#### TASK GOAL:
Reproduce the whole listing exactly and let no picture into the copy.

#### DATA SHOWN:

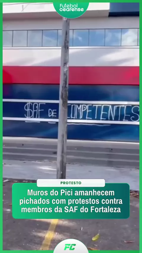 PROTESTOS! 🤯 Na manhã desta quinta-feira, 8, os muros do Centro de Excelência Alcides Santos amanheceram pichados com frases de protesto direcionadas a membros da SAF do Fortaleza, que vêm sendo alvo de críticas nos últimos meses. 🎥: Reprodução / Internet
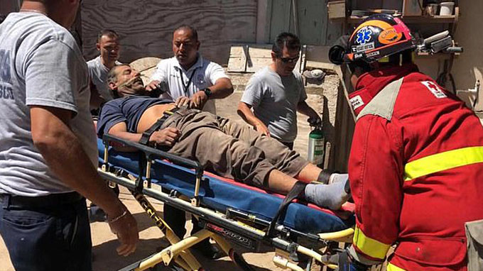 Ông Gómez được cảnh sát và các nhân viên cứu hộ cho lên xe cứu thương tới bệnh viện. Ảnh: Comumi-K Sonora.
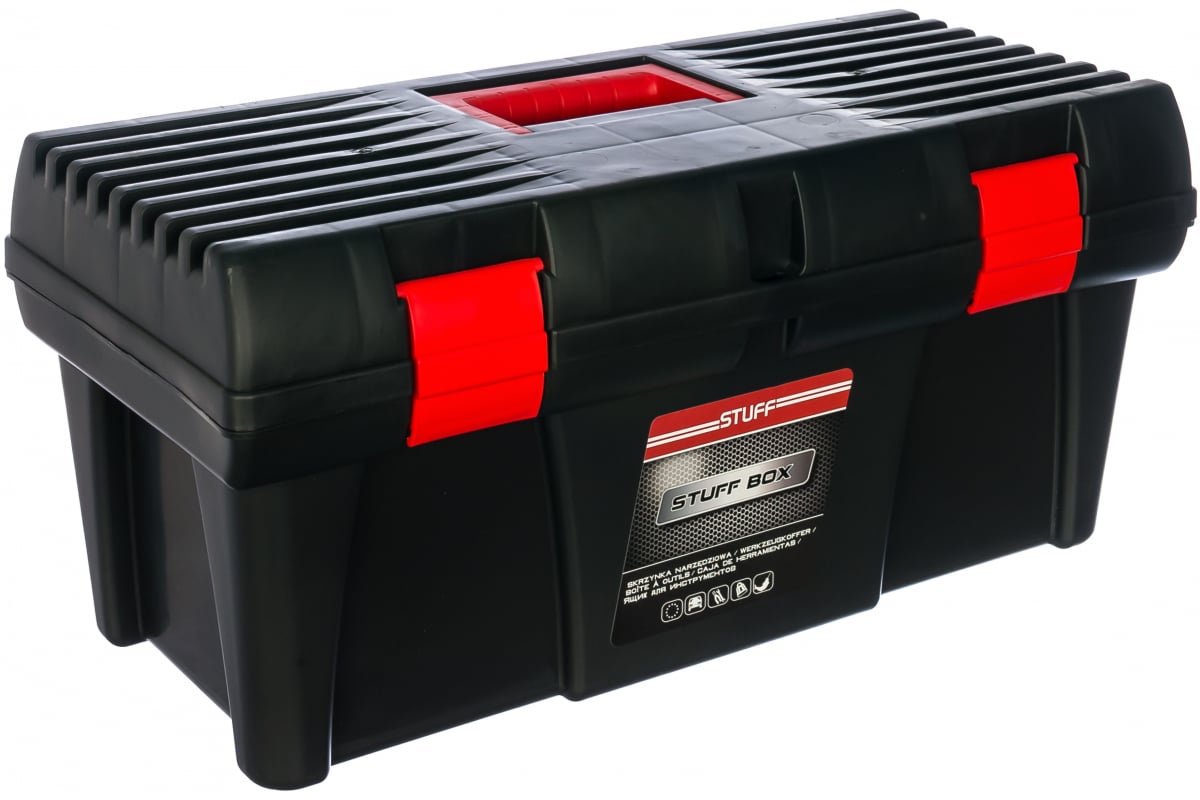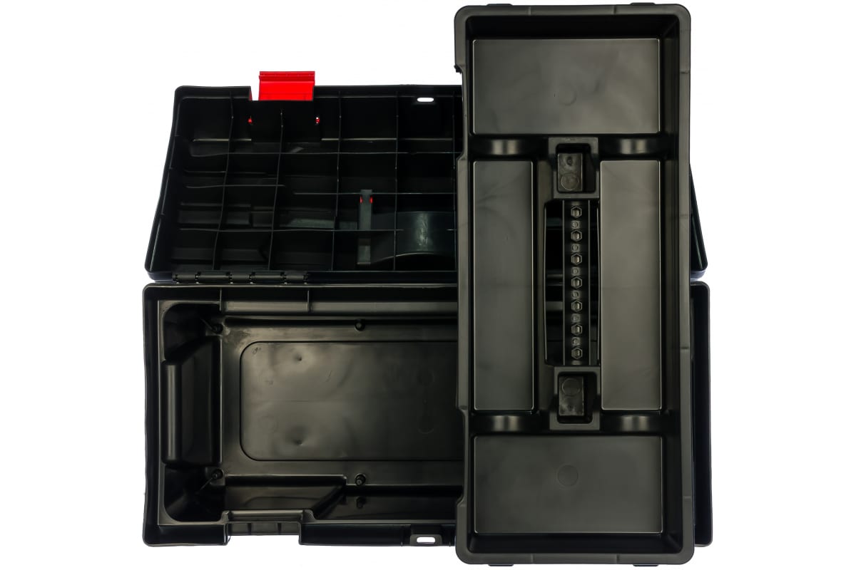 Ящик для инструментов 53х26х25см PATROL STUFF Basic 20 146175 разделен на общее внутреннее пространство и лоток для крепежа и прочих мелочей. Модель оснащена специальными пазами в рукоятке для хранения бит.

#### WRITTEN SOLUTION:
 PROTESTOS! 🤯 Na manhã desta quinta-feira, 8, os muros do Centro de Excelência Alcides Santos amanheceram pichados com frases de protesto direcionadas a membros da SAF do Fortaleza, que vêm sendo alvo de críticas nos últimos meses. 🎥: Reprodução / Internet
 Ông Gómez được cảnh sát và các nhân viên cứu hộ cho lên xe cứu thương tới bệnh viện. Ảnh: Comumi-K Sonora.
 Ящик для инструментов 53х26х25см PATROL STUFF Basic 20 146175 разделен на общее внутреннее пространство и лоток для крепежа и прочих мелочей. Модель оснащена специальными пазами в рукоятке для хранения бит.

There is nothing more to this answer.